EXERCISE OBJECTIVE - Exclude images; transcribe the rest of the data exactly.

INFORMATION SUPPLIED -
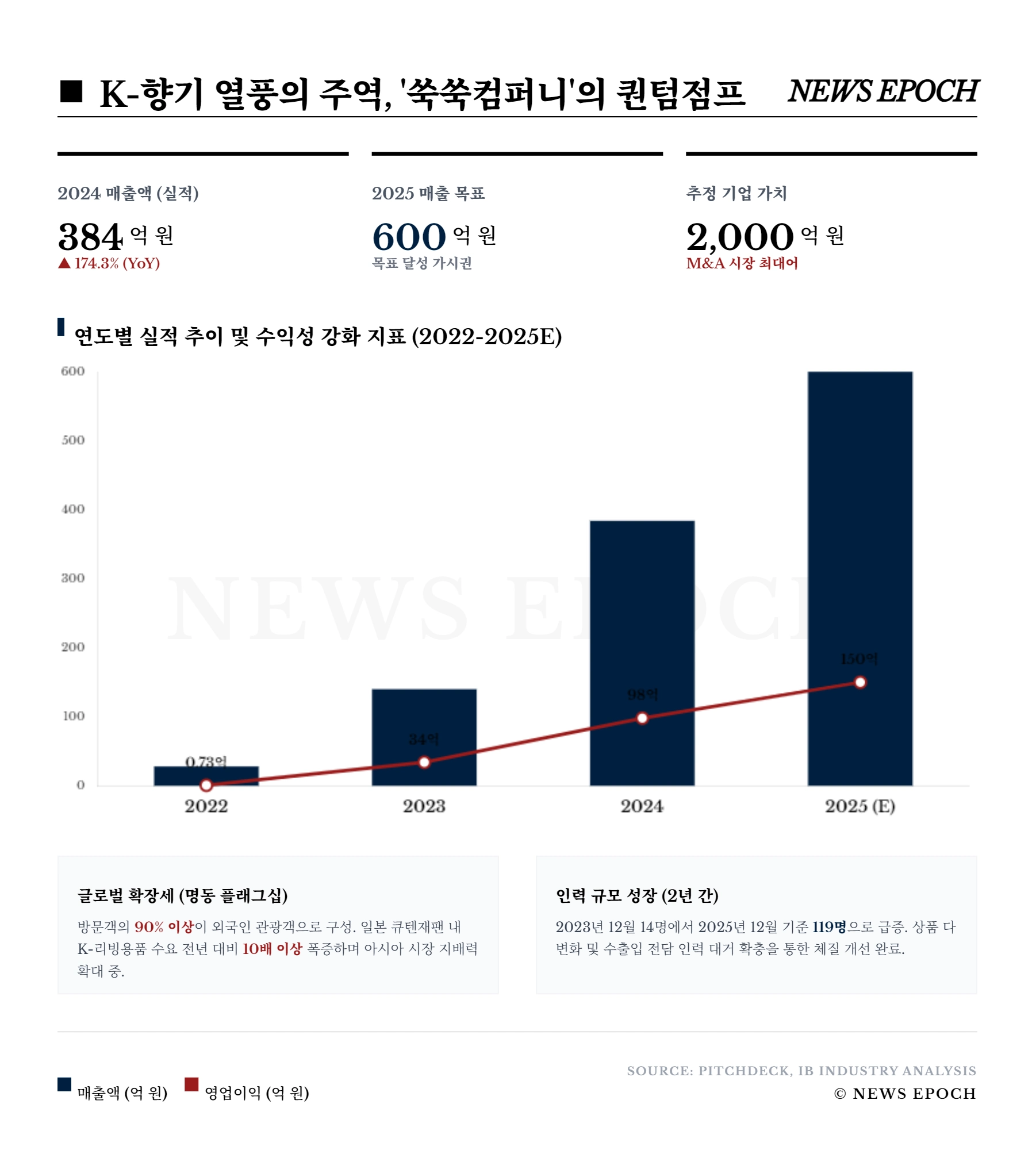 피치덱의 데이터에 따르면 실적 지표는 경이로운 수준이다. 2022년 매출 28억 원, 영업이익 7,300만 원이었던 실적은 2023년 매출 140억 원, 영업이익 34억 원으로 급등했다. 이어 2024년에는 매출 384억 원, 영업이익 98억 원을 기록하며 매년 수직 상승 중이며, 올해(2025년)는 매출 600억 원, 영업이익 150억 원을 목표로 하고 있다. 이러한 압도적인 흑자를 바탕으로 2023년에는 사옥용 건물을 매입한 것으로 추정되며, 직원 수 역시 2023년 12월 14명에서 단 2년 만인 2025년 12월 기준 119명까지 급증했다.
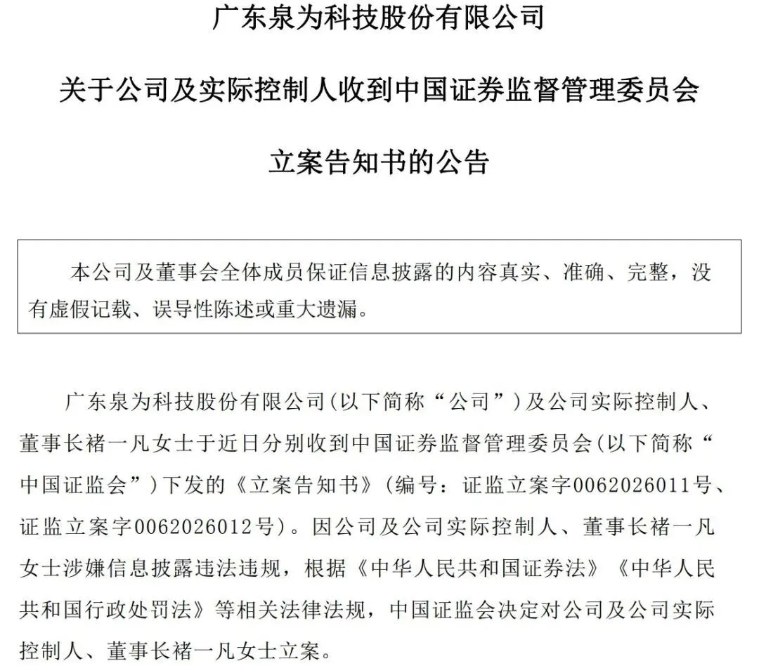 2025年7月,山东泉为以厂房抵押向枣庄银行借款的1亿元到期,剩余7990万元逾期,被银行提起诉讼。同年12月,安徽泉为名下位于泗县的厂房、员工宿舍、展示中心被法院评估、拍卖。今年3月,泉为科技2GW异质结产线设备被法院查封;同月,泉为科技及褚一凡被证监会立案调查。
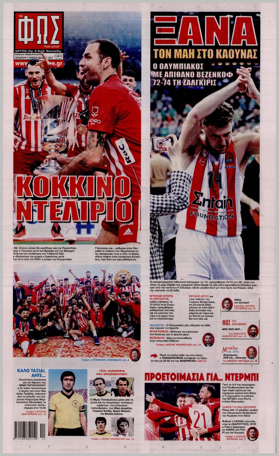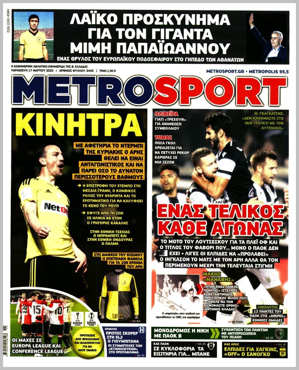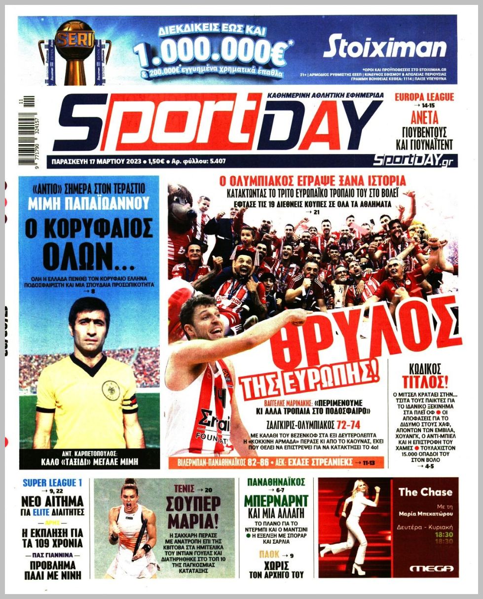 Πρωτοσέλιδα αθλητικών εφημερίδων για την Παρασκευή 17 Μαρτίου 2023. Δείτε αναλυτικά τι αναφέρουν στη… βιτρίνα τους οι εφημερίδες.
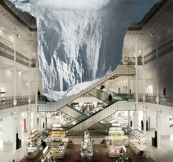 Au cœur du bâtiment, Mehmet Ali Uysal déploie d’immenses icebergs suspendus aux verrières centrales du magasin. Ces cathédrales de glace brisent le silence par leur imposante matérialité. Architecte de formation et diplômé en sculpture de l’Ecole des Beaux-Arts d’Ankara, Mehmet Ali Uysal conçoit des installations qui déjouent notre perception de l’espace. Il provoque de surprenantes rencontres entre formes et matières et propose de subtiles relations entre ses œuvres et le visiteur. Le terme « vêlage » indique la naissance d’un iceberg et décrit le moment où le bloc de glace se détache du glacier pour rejoindre l’océan. Plongé sous l’eau par Mehmet Ali Uysal, le Bon Marché Rive Gauche abrite la partie immergée de ces géants venus du froid.

TASK RESPONSE -
 피치덱의 데이터에 따르면 실적 지표는 경이로운 수준이다. 2022년 매출 28억 원, 영업이익 7,300만 원이었던 실적은 2023년 매출 140억 원, 영업이익 34억 원으로 급등했다. 이어 2024년에는 매출 384억 원, 영업이익 98억 원을 기록하며 매년 수직 상승 중이며, 올해(2025년)는 매출 600억 원, 영업이익 150억 원을 목표로 하고 있다. 이러한 압도적인 흑자를 바탕으로 2023년에는 사옥용 건물을 매입한 것으로 추정되며, 직원 수 역시 2023년 12월 14명에서 단 2년 만인 2025년 12월 기준 119명까지 급증했다.
 2025年7月,山东泉为以厂房抵押向枣庄银行借款的1亿元到期,剩余7990万元逾期,被银行提起诉讼。同年12月,安徽泉为名下位于泗县的厂房、员工宿舍、展示中心被法院评估、拍卖。今年3月,泉为科技2GW异质结产线设备被法院查封;同月,泉为科技及褚一凡被证监会立案调查。
 Πρωτοσέλιδα αθλητικών εφημερίδων για την Παρασκευή 17 Μαρτίου 2023. Δείτε αναλυτικά τι αναφέρουν στη… βιτρίνα τους οι εφημερίδες.
 Au cœur du bâtiment, Mehmet Ali Uysal déploie d’immenses icebergs suspendus aux verrières centrales du magasin. Ces cathédrales de glace brisent le silence par leur imposante matérialité. Architecte de formation et diplômé en sculpture de l’Ecole des Beaux-Arts d’Ankara, Mehmet Ali Uysal conçoit des installations qui déjouent notre perception de l’espace. Il provoque de surprenantes rencontres entre formes et matières et propose de subtiles relations entre ses œuvres et le visiteur. Le terme « vêlage » indique la naissance d’un iceberg et décrit le moment où le bloc de glace se détache du glacier pour rejoindre l’océan. Plongé sous l’eau par Mehmet Ali Uysal, le Bon Marché Rive Gauche abrite la partie immergée de ces géants venus du froid.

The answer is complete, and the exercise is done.